An automatic AI system developed by Alder Hey clinicians and researchers from the Universities of Manchester and Liverpool have received a £1.2 million grant from the NIHR Invention for Innovation programme.
The system automates x-ray interpretation, data capture, and monitoring, with an AI algorithm trained on thousands of x-ray images that is capable of locating hip bone outlines and detecting cases where dislocation is beginning to happen. In testing, Alder Hey reports that it has performed similarly to human medical experts in terms of accuracy, whilst taking “a fraction of the time” on the analysis.
Professor Daniel Perry, a surgeon at Alder Hey Children’s NHS Foundation Trust, said: “AI will revolutionise the care we provide, enhance diagnostics and care pathways and free up time for our clinicians to do what they do best: caring for our children and young people. This is a great example – a practical tool directly focused on better care for children with cerebral palsy.”

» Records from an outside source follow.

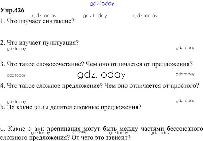 На страницах сайта gdz.today вы найдете учебный и вспомогательный материал, направленный на улучшения знаний школьной программы. ГДЗ - онлайн мир знаний Решение. Упражнения 426 Учебнику по Русскому языку для 9 класса Бархударов, Крючков Просвещение, Просвещение 2011, 2019
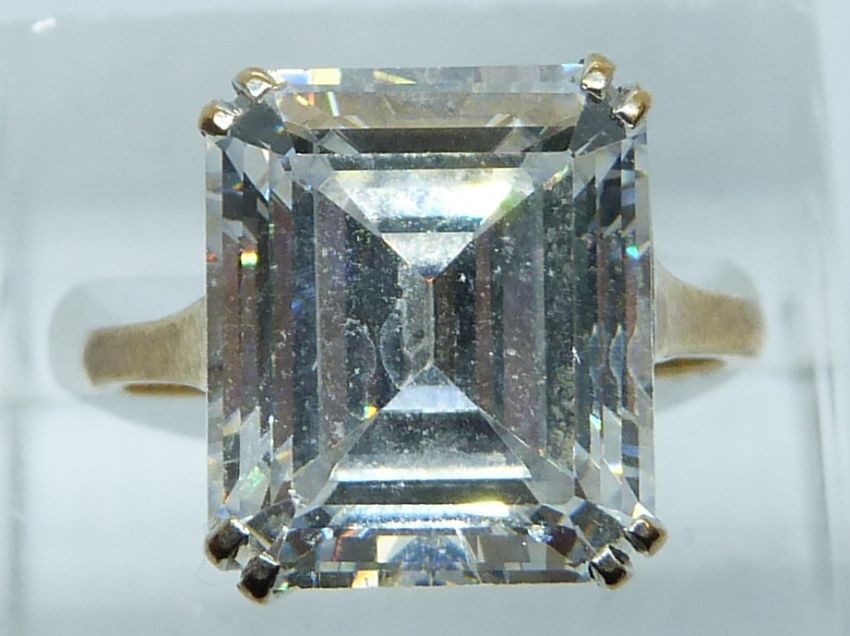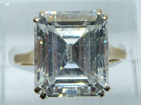 A 9ct gold ring set with and emerald cut cubic zirconia, 6.2g, size N/O
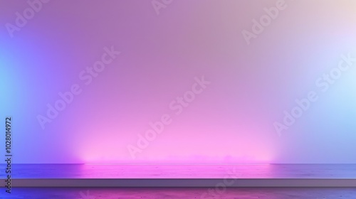 Wall mural : Empty shelf is bathed in the colorful glow of a synthwave gradient wallpaper
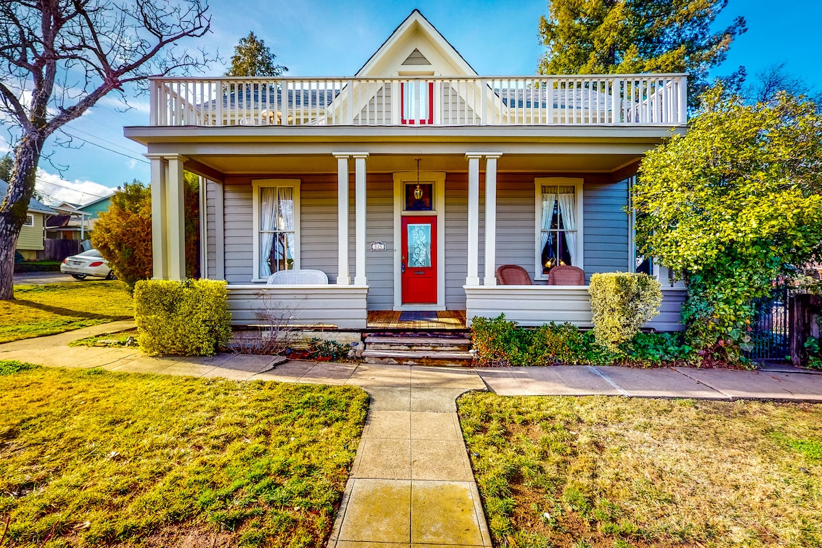An enchanted stay awaits at this charming two-story home, which showcases a stunning backyard straight out of the pages of a storybook. Completely fenced, this outdoor oasis creates a whimsical vibe with wisteria, a giant redwood, and gorgeous landscaping. At night, twinkling lights strung up by a central pole only add to the magic. Enjoy grilling out, cozying up by the gas firepit, or simply relaxing amid the picture-perfect backdrop.
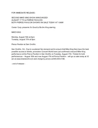 4If possible, include a link to an online copy of the same release. It's good practice to keep a log of all of your press releases housed on your own website. This can make providing such a link easier to produce, as well as keeping a record for historical purposes.
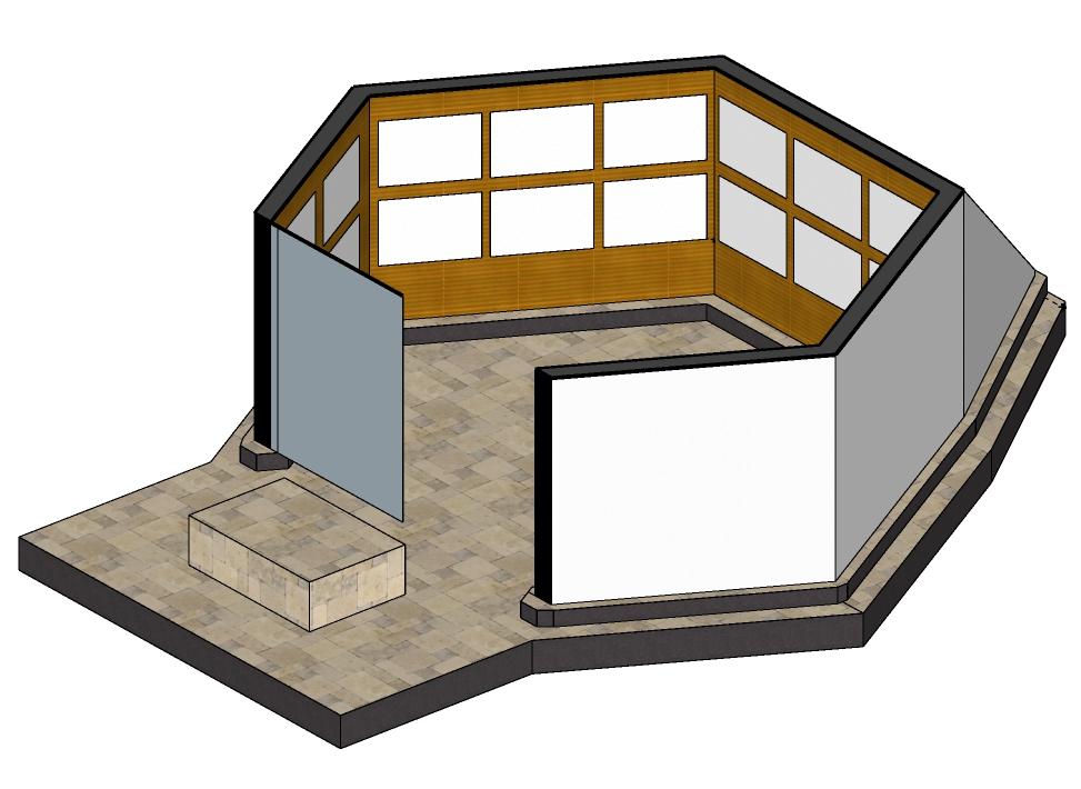 PANEL FOLDING INSIDE WHILE EXHIBITION TIME AND PANEL FOLDS OUTSIDE CREATING A CLOSURE
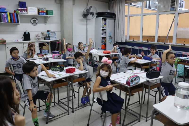 Sob a orientação das Prof.as Rosimeire e Marcela, os alunos fizeram uma experiência com um brinquedo de dinossauro, colocando-o na água e observando sua transformação.
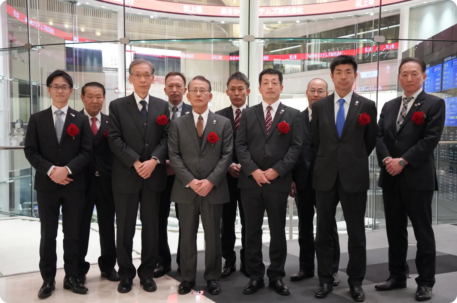 上場通知書をもって、特大モニター前で一枚
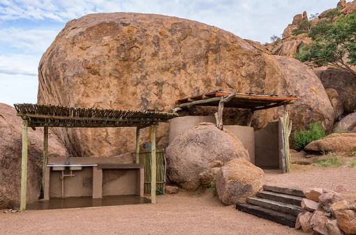 The campsites are set between massive boulders and each site has its own, private ablution facility - including a shower, basin and toilet. There is a shaded area with a table and bench and barbecue facilities. A kitchen wash-up area is also available. The boilers which provide hot water are lit on request, so please arrange this when checking in.
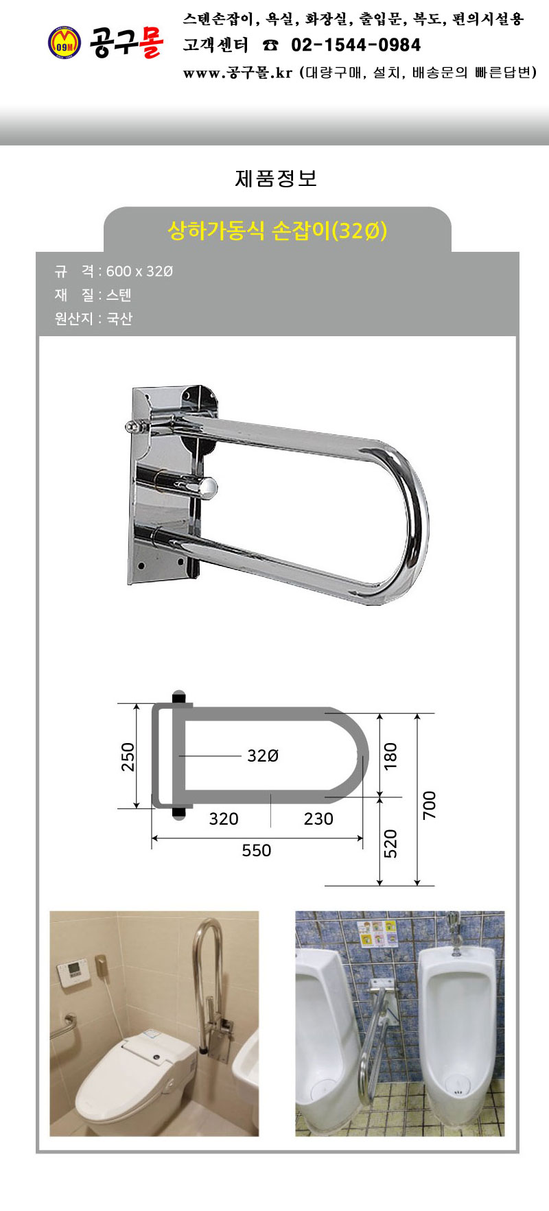 완성 상.하가동식 손잡이 600X32, 완성(40) 요양원, 장애인,편의시설

Manchester Imaging Ltd will now look to take the AI algorithm and build it into a medical device to be integrated into hospital systems, with the intention of making it easier for clinicians to use in identifying where preventative intervention is needed.
According to Alder Hey, using the tool to process thousands of images will enable x-ray data to be automatically entered into the Cerebral Palsy Integrated Pathway database, supporting new research to better understand the disease and its monitoring.
Professor Timothy Cootes, a researcher on the project, spoke of hopes that the automation of the process will help boost standardisation and ensure that the Cerebral Palsy Integrated Pathway can be “fully integrated throughout the NHS”.
Wider trend: AI in health and care
HTN was joined by Neill Crump, digital strategy director at The Dudley Group NHS Foundation Trust, and Lee Rickles, CIO at Humber Teaching NHS Foundation Trust, to discuss practical steps health and care organisations can take to prepare for AI. Neill and Lee shared details of their current work and their journey to date, best practices, learnings, challenges, and the opportunities that lie ahead.
The Medicines and Healthcare products Regulatory Agency has issued a call for evidence on the regulation of AI in healthcare, asking members of the public, clinicians, industry, and healthcare providers to share their views on the modernisation of AI rules, keeping patients safe as AI evolves, and the distribution of responsibilities between regulators, companies, healthcare organisations, and individuals. In particular, views are sought on the UK’s current framework for regulating AI in healthcare and how it may need to be improved to “ensure fast access to safe and effective AI medical devices”, as well as on approaches to check safety once AI medical devices are in use, and how responsibility and liability are split between different parties involved in their deployment.
The co-founder of health data startup, Torch, has shared that the company has been acquired by OpenAI for a sum of “$100m+”. Outlining the mission to provide healthcare “for a billion people, for free”, Aoun says integrating that work into the AI used by billions every day “makes that dream a reality”. According to the Torch website, the startup is focused on connecting health data from a wide range of sources and offering answers to common health questions using AI.